— Assignment —
Write out the records beneath this line exactly as they appear, minus any images.
※
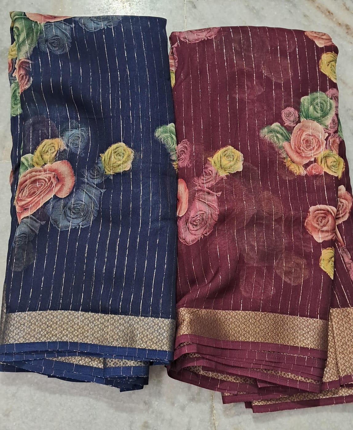 Pure chiffon sarees online with soft, flowy fabric and elegant floral prints. Lightweight, easy to drape, and comfortable for daily wear or small occasions. Finished with a rich border for a graceful look.
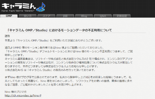 キャラミんは、3Dキャラクターに自動で振り付けをしてミュージックビデオを作れるソフト。有料の「キャラミんStudio」と無料の「キャラミんOMP」がある。これらソフトで、自身の作成したモーションが無断で使われているとMMDモーション作者のhinoさんが指摘し、問い合わせた経緯をWebで公開していた。制作会社は無断利用を認めたという。
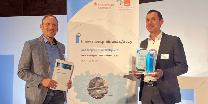 Ravensburg / Kißlegg – Die Wirtschafts- und Innovationsförderungsgesellschaft Landkreis Ravensburg mbH (WiR GmbH) hat im Februar 2025 zum 12. Mal einen Innovationspreis an Unternehmen verliehen, die sich mit ihren Produkten, Verfahren oder Dienstleistungen von der Konkurrenz abgrenzen, indem sie zukunftsweisende Technologien eingeführt haben. Einen Sonderpreis in der Kategorie „Nachhaltigkeit“ erhielt das Betonwerk Rinninger aus Kißlegg im Allgäu.
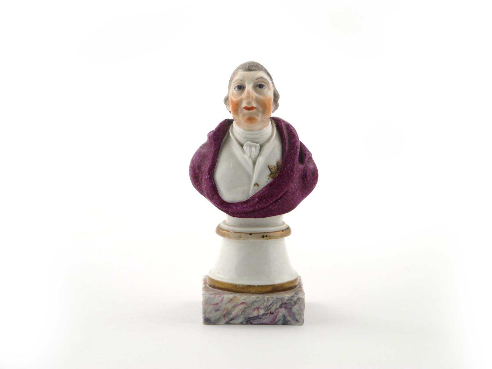 An English porcelain bust of George III 1st half 19th century, wearing a purple cloak and raised on a socle base, incised title to the reverse, 14cm.
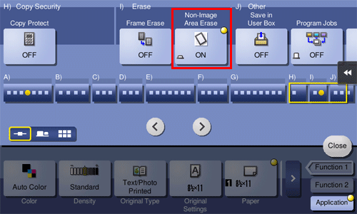 Tap [Application], select [Non-Image Area Erase], then select [ON].
※
— Solution to this problem —
 Pure chiffon sarees online with soft, flowy fabric and elegant floral prints. Lightweight, easy to drape, and comfortable for daily wear or small occasions. Finished with a rich border for a graceful look.
 キャラミんは、3Dキャラクターに自動で振り付けをしてミュージックビデオを作れるソフト。有料の「キャラミんStudio」と無料の「キャラミんOMP」がある。これらソフトで、自身の作成したモーションが無断で使われているとMMDモーション作者のhinoさんが指摘し、問い合わせた経緯をWebで公開していた。制作会社は無断利用を認めたという。
 Ravensburg / Kißlegg – Die Wirtschafts- und Innovationsförderungsgesellschaft Landkreis Ravensburg mbH (WiR GmbH) hat im Februar 2025 zum 12. Mal einen Innovationspreis an Unternehmen verliehen, die sich mit ihren Produkten, Verfahren oder Dienstleistungen von der Konkurrenz abgrenzen, indem sie zukunftsweisende Technologien eingeführt haben. Einen Sonderpreis in der Kategorie „Nachhaltigkeit“ erhielt das Betonwerk Rinninger aus Kißlegg im Allgäu.
 An English porcelain bust of George III 1st half 19th century, wearing a purple cloak and raised on a socle base, incised title to the reverse, 14cm.
 Tap [Application], select [Non-Image Area Erase], then select [ON].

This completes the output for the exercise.